The methods draw on: - Jordan and Jacobs (1994) doi:10.1162/neco.1994.6.2.181
- Hardt, Price, and Srebro (2016) doi:10.1145/3157382
- Iniesta, Stahl, and McGuffin (2016) doi:10.1016/j.jad.2016.03.016

fairGATE User Guide: Function Reference

This guide provides a concise overview of the core functions within fairGATE, designed to help users prepare data, train fairness-aware Gated Neural Networks (GNNs), analyse results, and export fairness metrics. Each section summarises the purpose, arguments, and outputs of each function with practical examples.

🧩 Data Preparation

prepare_data()

Prepares a dataframe for GNN training by cleaning, encoding, and scaling features. It defines the binary outcome and sensitive group variable, returning a structured list ready for use in train_gnn().

Usage

prepared_data <- prepare_data(
  data,
  outcome_var,
  group_var,
  cols_to_remove = NULL
)

Arguments

Returns

A list containing: - X: Scaled numeric feature matrix. - y: Binary outcome vector. - group: Encoded group vector. - feature_names: Column names of the feature matrix. - subject_ids: Optional subject identifiers.

Example

prepared_data_chd <- prepare_data(
  data = sim_df_encoded,
  outcome_var = "chd_event",
  group_var = "race",
  cols_to_remove = "patient_id"
)

⚙️ Model Training

train_gnn()

Trains a fairness-aware Gated Neural Network (GNN) using a fairness-constrained loss to reduce subgroup disparities in predictions.
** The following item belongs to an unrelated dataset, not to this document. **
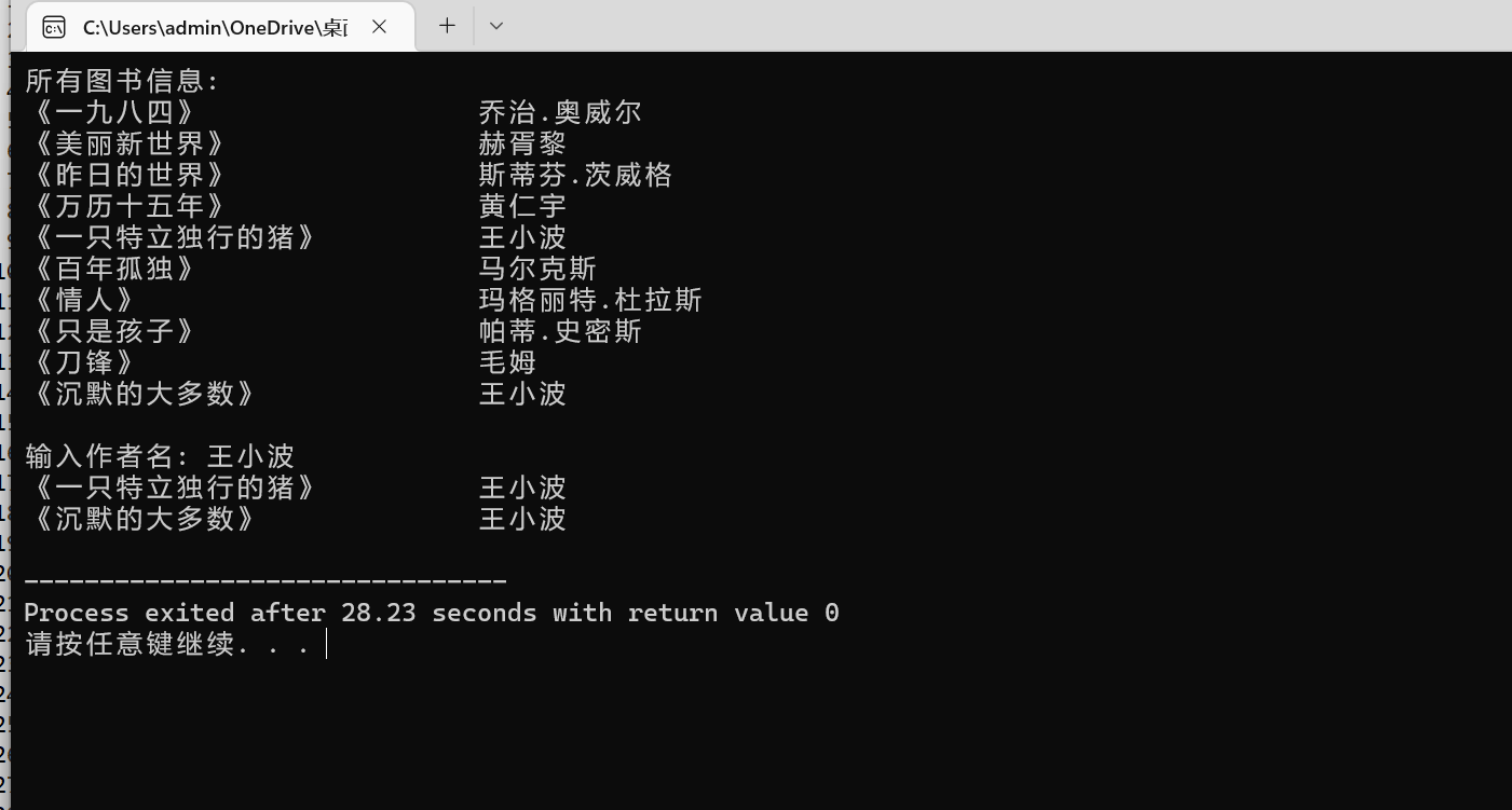 #include <stdio.h> #include <string.h> #define N 10 #define M 80 typedef struct { char name[M]; char author[M]; } Book; int main() { Book x[N] = { {"《一九八四》", "乔治.奥威尔"}, {"《美丽新世界》", "赫胥黎"}, {"《昨日的世界》", "斯蒂芬.茨威格"}, {"《万历十五年》", "黄仁宇"}, {"《一只特立独行的猪》", "王小波"}, {"《百年孤独》", "马尔克斯"}, {"《情人》", "玛格丽特.杜拉斯"}, {"《只是孩子》", "帕蒂.史密斯"}, {"《刀锋》", "毛姆"}, {"《沉默的大多数》", "王小波"} }; Book *ptr; int i; char author[M]; printf("所有图书信息: \n"); for(ptr = x; ptr < x + N; ++ptr) printf("%-30s%-30s\n", ptr->name, ptr->author); printf("\n输入作者名: "); gets(author); for(ptr = x; ptr < x + N; ++ptr) if(strcmp(ptr->author, author) == 0) { printf("%-30s%-30s\n", ptr->name, ptr->author); } return 0; }

Supports optional hyperparameter tuning, repeated splits, and automatic fairness evaluation.

Usage

final_fit <- train_gnn(
  prepared_data = prepared_data_chd,
  hyper_grid = tuning_grid,
  num_repeats = 7,
  epochs = 140,
  run_tuning = TRUE,
  verbose = TRUE
)

Arguments

Setting up tuning grid and manual parameters

# Define a modest tuning grid for quick search
tuning_grid <- expand.grid(
  lr = c(5e-4, 1e-3, 2e-3),
  hidden_dim = c(64L, 128L),
  dropout_rate = c(0.2, 0.3),
  lambda = c(0.6, 0.8),
  temperature = c(0.7, 1.0),
  KEEP.OUT.ATTRS = FALSE
)

# Or define best_params directly for a single configuration
best_params <- data.frame(
  lr = 1e-3,
  hidden_dim = 128L,
  dropout_rate = 0.3,
  lambda = 0.6,
  temperature = 0.7
)

# Example without tuning (uses best_params)
final_fit <- train_gnn(
  prepared_data = prepared_data_chd,
  run_tuning = FALSE,
  best_params = best_params,
  num_repeats = 5,
  epochs = 120,
  verbose = TRUE
)

Returns

A list containing: - final_results: Predictions and true outcomes per subject. - gate_weights: Gate probabilities and entropy measures. - expert_weights: Input-layer weights for each expert. - performance_summary: AUC and Brier Score summary. - aif360_data: Data formatted for fairness metric computation. - tuning_results: Grid search outcomes when tuning enabled.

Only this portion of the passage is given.